--- Work to be completed ---
Begin at the line below that has "این پاورپوینت در". Stop after the line that has "四天王寺の境内の中心なす金堂の前に鎮座する。", repeating each line exactly and leaving out the pictures.

--- Materials provided ---

■ ■ ■

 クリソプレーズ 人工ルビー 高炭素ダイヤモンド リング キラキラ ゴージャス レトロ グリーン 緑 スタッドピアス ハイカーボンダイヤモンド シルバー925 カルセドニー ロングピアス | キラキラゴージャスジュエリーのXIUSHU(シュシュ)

■ ■ ■

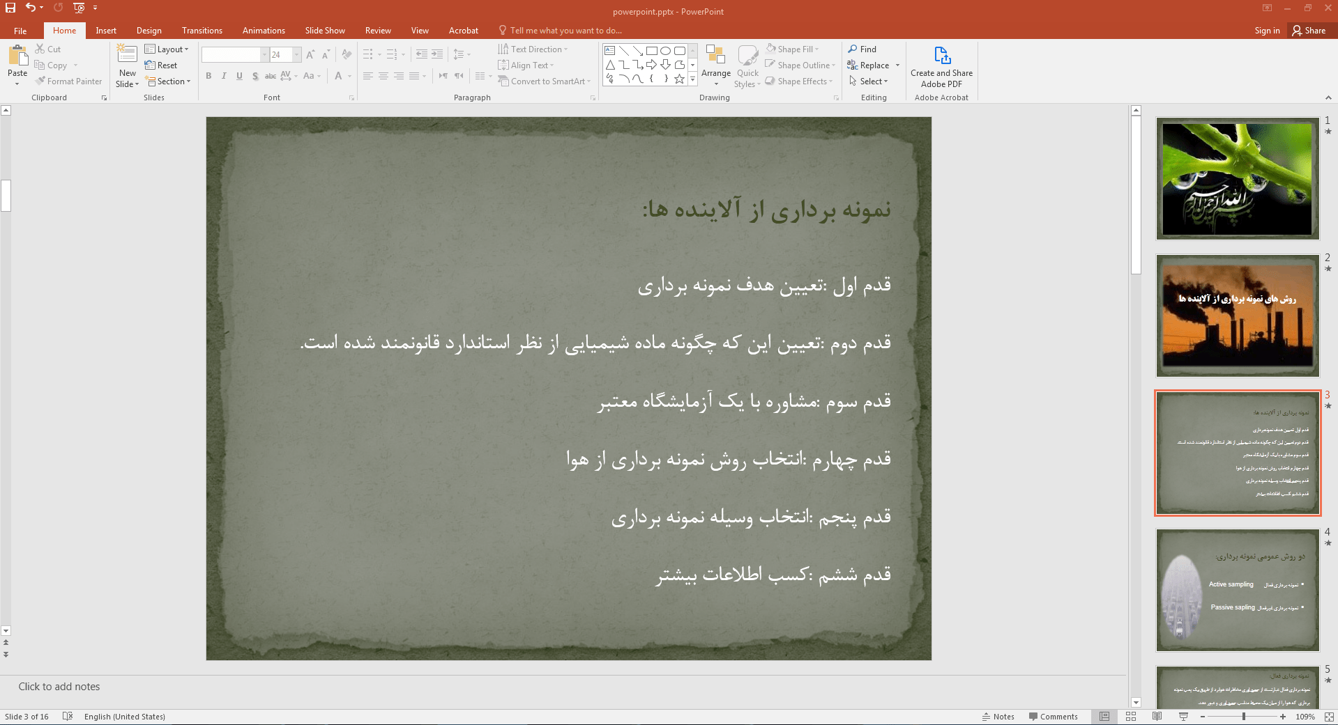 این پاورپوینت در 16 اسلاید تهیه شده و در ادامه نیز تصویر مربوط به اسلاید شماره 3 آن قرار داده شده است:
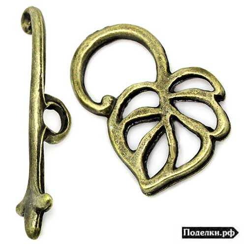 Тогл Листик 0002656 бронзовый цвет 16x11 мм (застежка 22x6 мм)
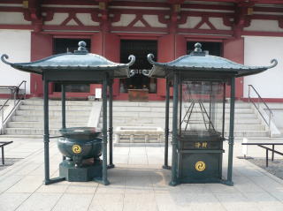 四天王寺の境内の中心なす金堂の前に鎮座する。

■ ■ ■

--- Result for this exercise ---
 این پاورپوینت در 16 اسلاید تهیه شده و در ادامه نیز تصویر مربوط به اسلاید شماره 3 آن قرار داده شده است:
 Тогл Листик 0002656 бронзовый цвет 16x11 мм (застежка 22x6 мм)
 四天王寺の境内の中心なす金堂の前に鎮座する。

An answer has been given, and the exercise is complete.